=== TASK STATEMENT ===
Could you give the records below again exactly, without the pictures?
Start of Block
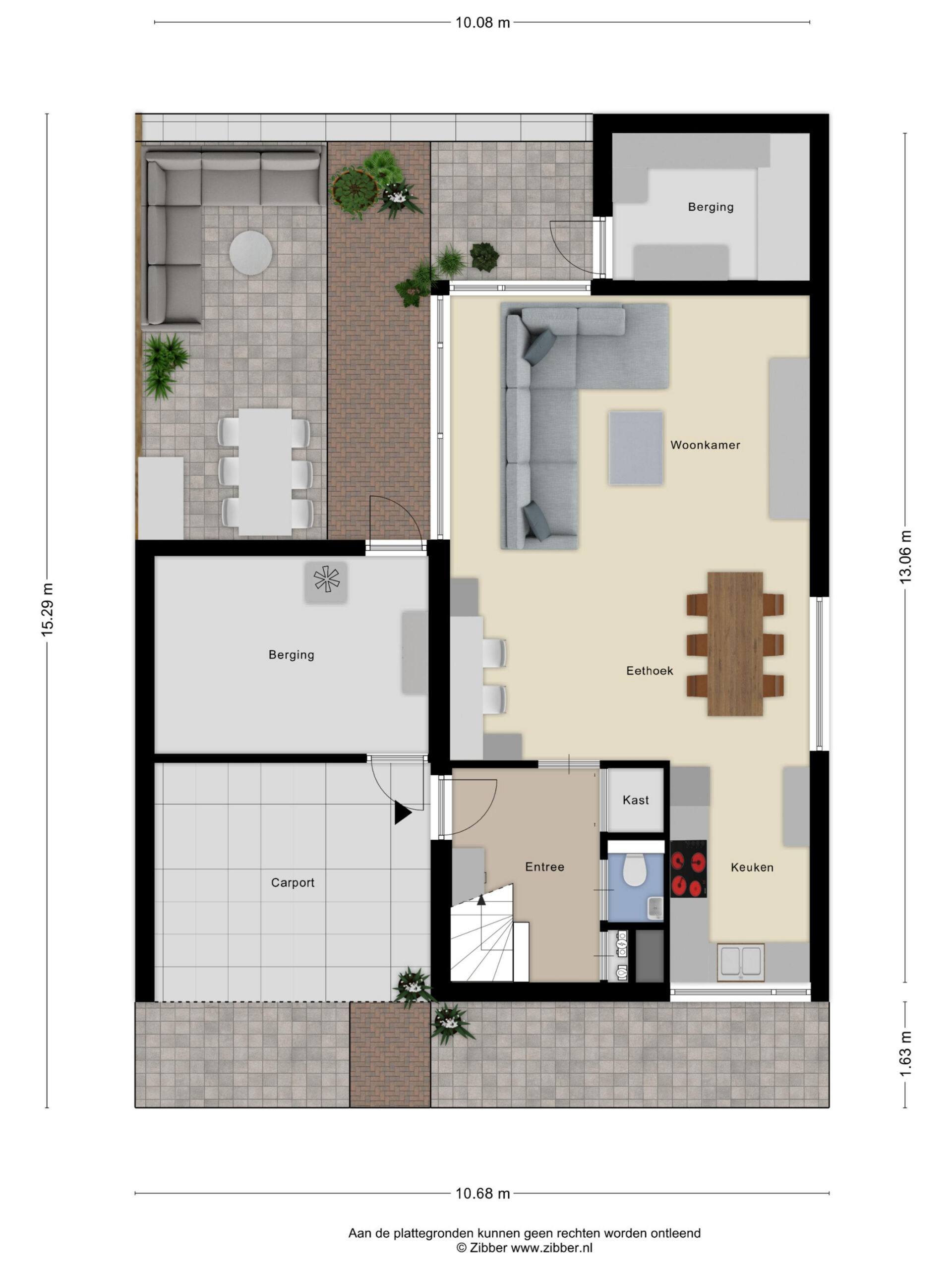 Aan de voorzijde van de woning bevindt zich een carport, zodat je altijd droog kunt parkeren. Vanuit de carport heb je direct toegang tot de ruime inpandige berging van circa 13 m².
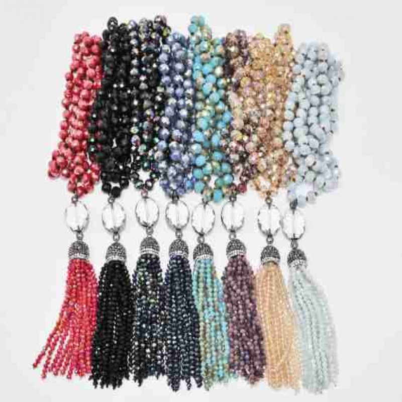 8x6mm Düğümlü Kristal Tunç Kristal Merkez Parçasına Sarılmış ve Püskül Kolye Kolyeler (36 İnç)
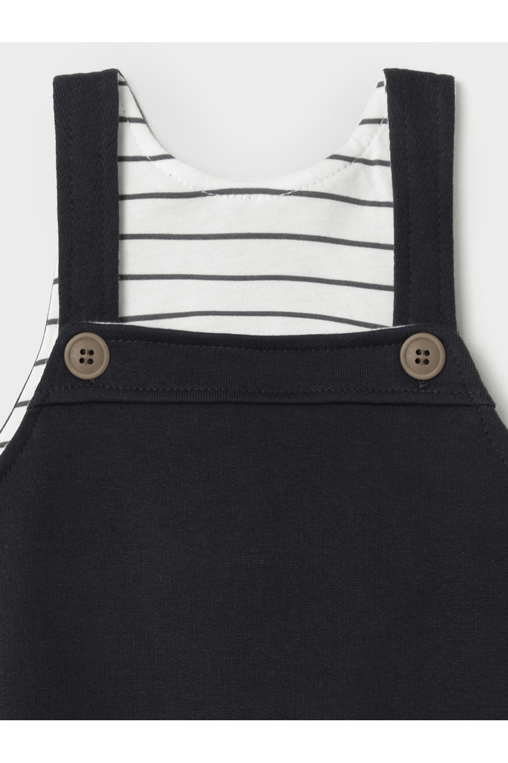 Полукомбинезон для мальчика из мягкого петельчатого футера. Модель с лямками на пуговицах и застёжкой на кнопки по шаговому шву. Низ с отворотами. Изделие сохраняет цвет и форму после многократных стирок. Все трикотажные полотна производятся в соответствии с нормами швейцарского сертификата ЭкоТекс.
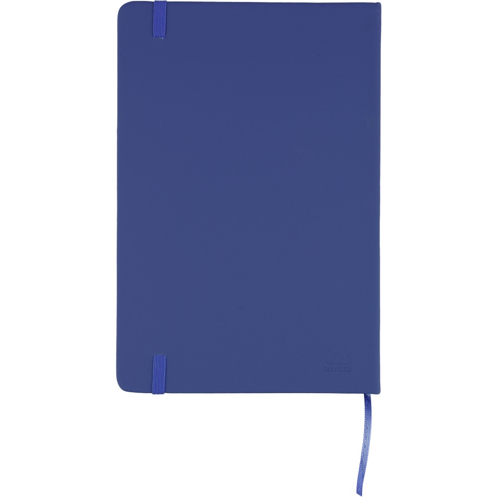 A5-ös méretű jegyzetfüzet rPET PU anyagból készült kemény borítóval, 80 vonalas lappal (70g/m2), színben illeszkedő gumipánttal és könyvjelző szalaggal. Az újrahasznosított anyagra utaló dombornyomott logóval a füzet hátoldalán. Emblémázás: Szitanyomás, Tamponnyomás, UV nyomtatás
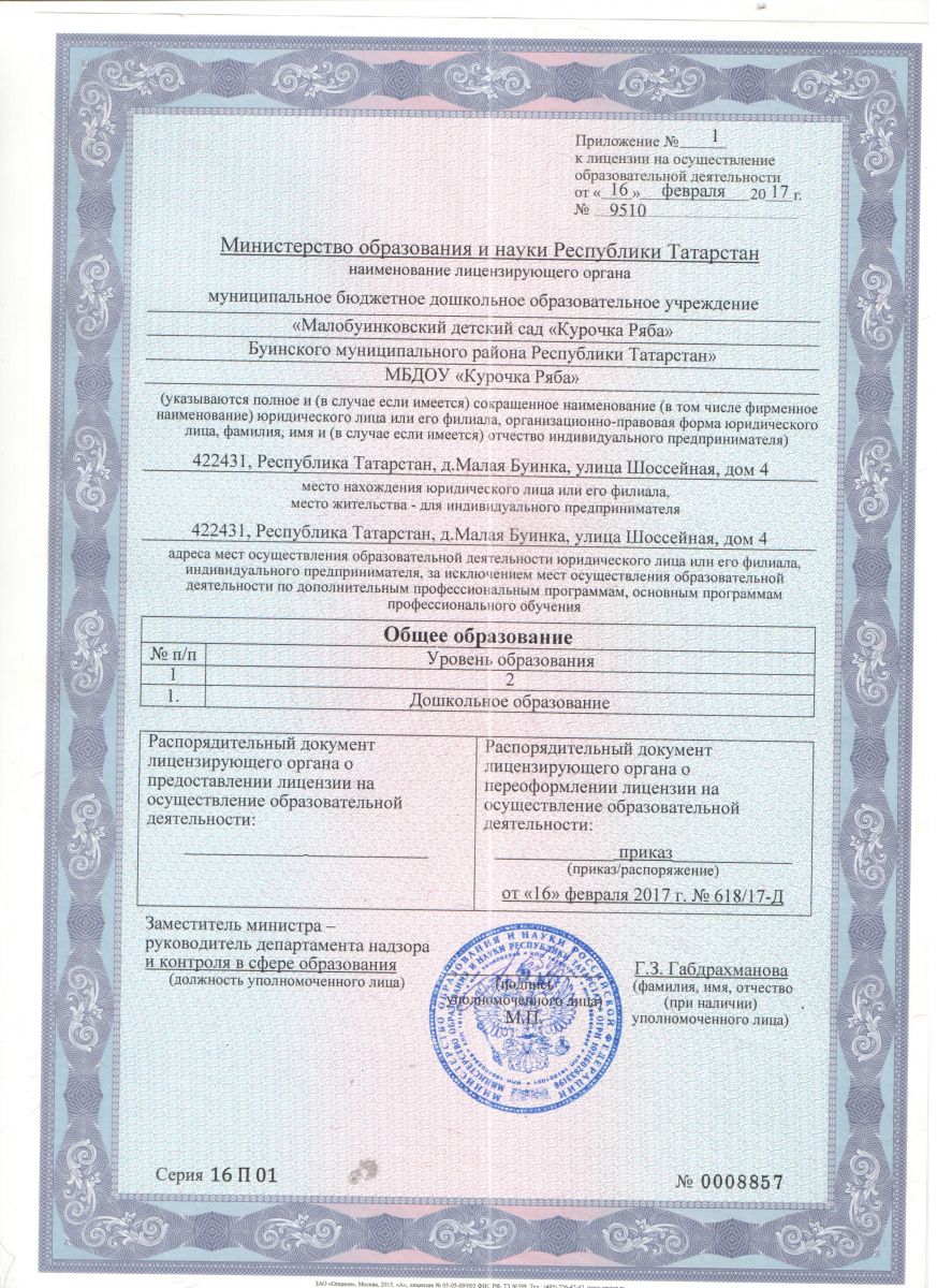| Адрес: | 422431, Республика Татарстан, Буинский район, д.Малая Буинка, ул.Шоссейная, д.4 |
End of Block
=== TASK OUTPUT ===
 Aan de voorzijde van de woning bevindt zich een carport, zodat je altijd droog kunt parkeren. Vanuit de carport heb je direct toegang tot de ruime inpandige berging van circa 13 m².
 8x6mm Düğümlü Kristal Tunç Kristal Merkez Parçasına Sarılmış ve Püskül Kolye Kolyeler (36 İnç)
 Полукомбинезон для мальчика из мягкого петельчатого футера. Модель с лямками на пуговицах и застёжкой на кнопки по шаговому шву. Низ с отворотами. Изделие сохраняет цвет и форму после многократных стирок. Все трикотажные полотна производятся в соответствии с нормами швейцарского сертификата ЭкоТекс.
 A5-ös méretű jegyzetfüzet rPET PU anyagból készült kemény borítóval, 80 vonalas lappal (70g/m2), színben illeszkedő gumipánttal és könyvjelző szalaggal. Az újrahasznosított anyagra utaló dombornyomott logóval a füzet hátoldalán. Emblémázás: Szitanyomás, Tamponnyomás, UV nyomtatás
| Адрес: | 422431, Республика Татарстан, Буинский район, д.Малая Буинка, ул.Шоссейная, д.4 |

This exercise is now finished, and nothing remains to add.